Entire formations surrendered wholesale, accomplishing nothing—as if the Kingdom of Alesia were willingly delivering its soldiers into Seris’s hands.
Those lucky enough not to encounter the mechanized divisions were pinned down by the workers’ and peasants’ infantry, then swiftly crushed in pincer attacks when reinforcements arrived.
Although the workers’ and peasants’ army lacked some of the Seris regulars’ equipment, they had been allocated slower-moving tracked self-propelled howitzers.

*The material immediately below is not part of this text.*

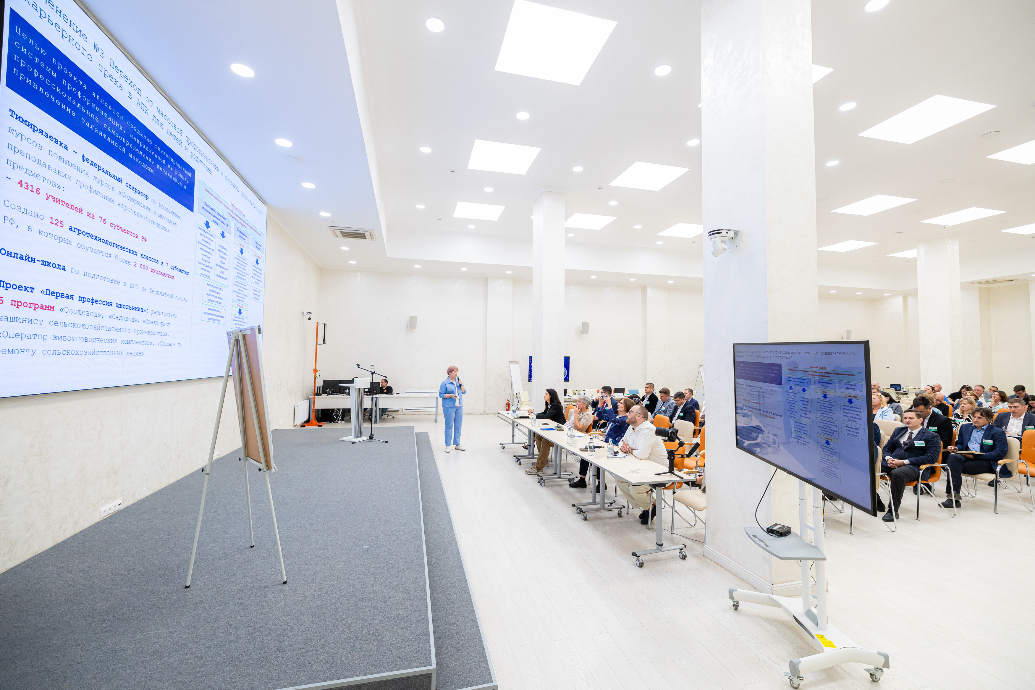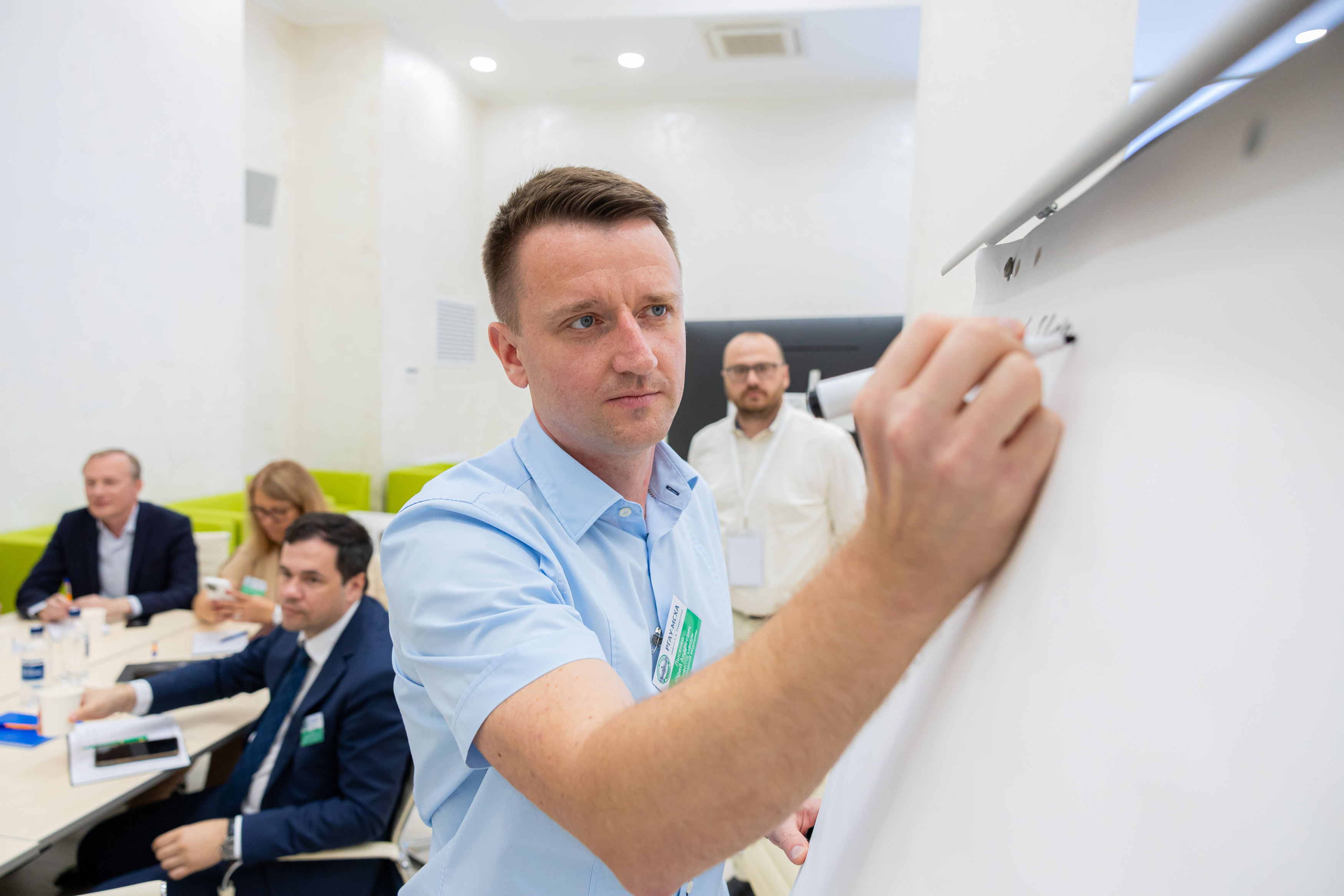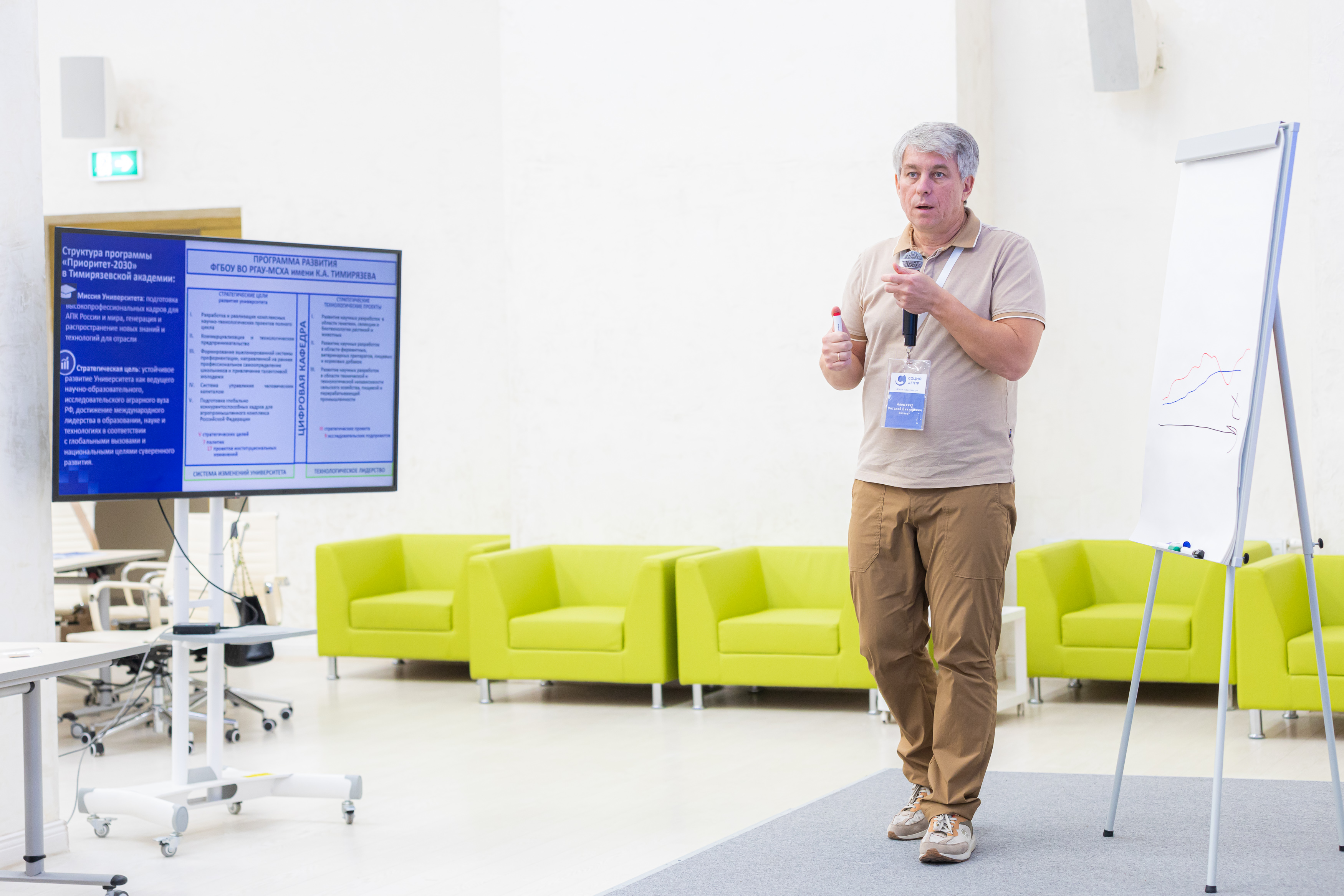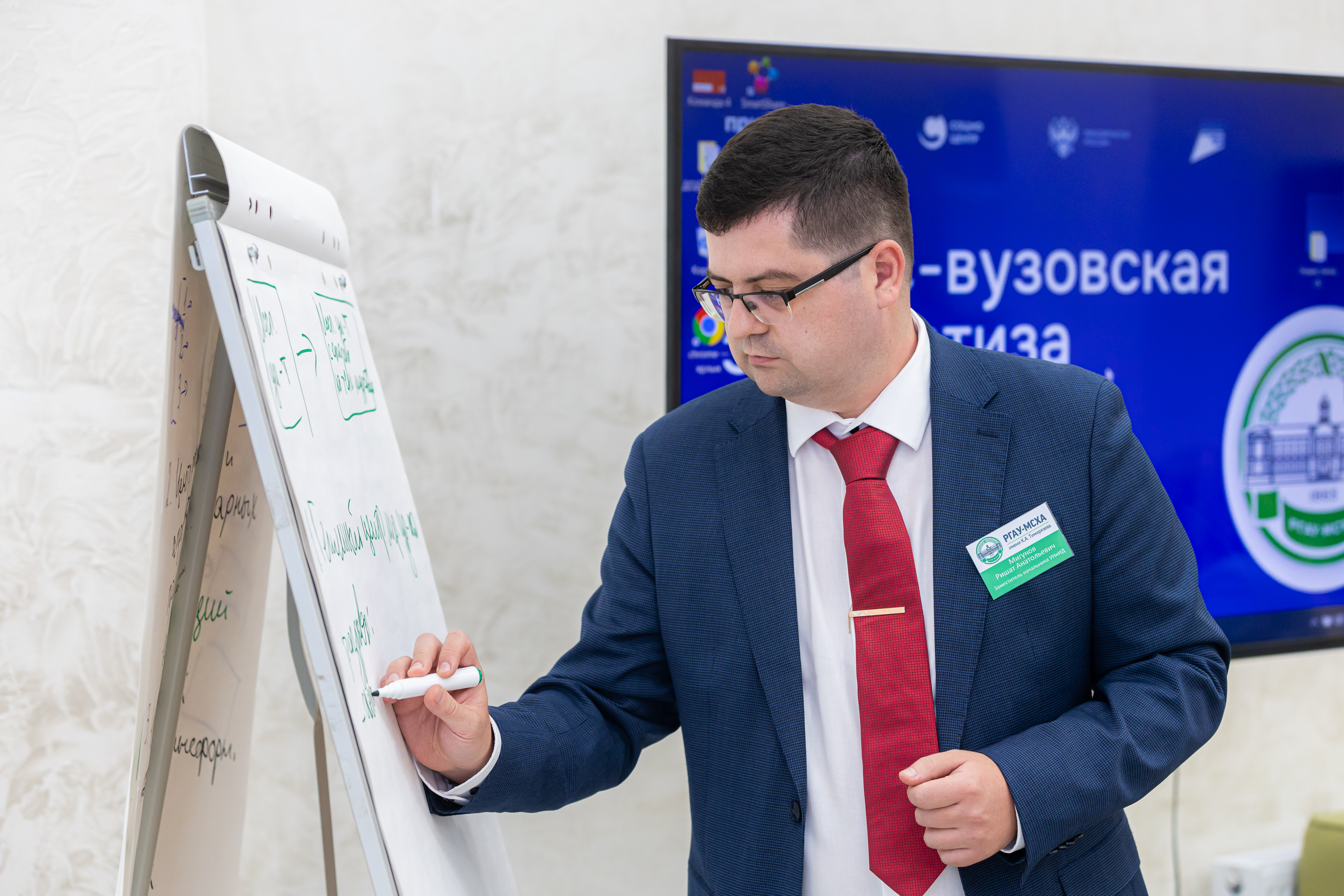 После детального изучения работы лабораторий, эксперты и ученые Тимирязевской академии собрались в Точке кипения «Тимирязевка» для коллективной работы. Ученые Академии представили доклады о текущем состоянии стратегических проектов и обозначили ключевые вызовы. Затем последовала интенсивная работа в группах, нацеленная на командное осмысление заявленных треков. Основной задачей этой сессии стало понимание и обозначение глубинного среза проблем, а также поиск инновационных решений для дальнейшего развития Тимирязевки в рамках программы «Приоритет 2030».

Their heavy firepower was not far behind.
Meanwhile, the kingdom’s muddy roads became a major obstacle to their own military movements—wagons and horses could barely move, and soldiers marched entirely on foot.
Wherever the workers’ and peasants’ army arrived, they immediately convened public trials, opened granaries, distributed land, and organized farmers’ associations—a triple strike that dismantled the kingdom’s grassroots governance completely.
Once a territory was lost, it was lost for good; deprived of their base among the common people, the nobles could no longer muster any effective resistance.
They couldn’t even negotiate peace with Seris before half of their kingdom had already fallen.
In less than two months of war, the Kingdom of Alesia had already found itself on the brink of destruction.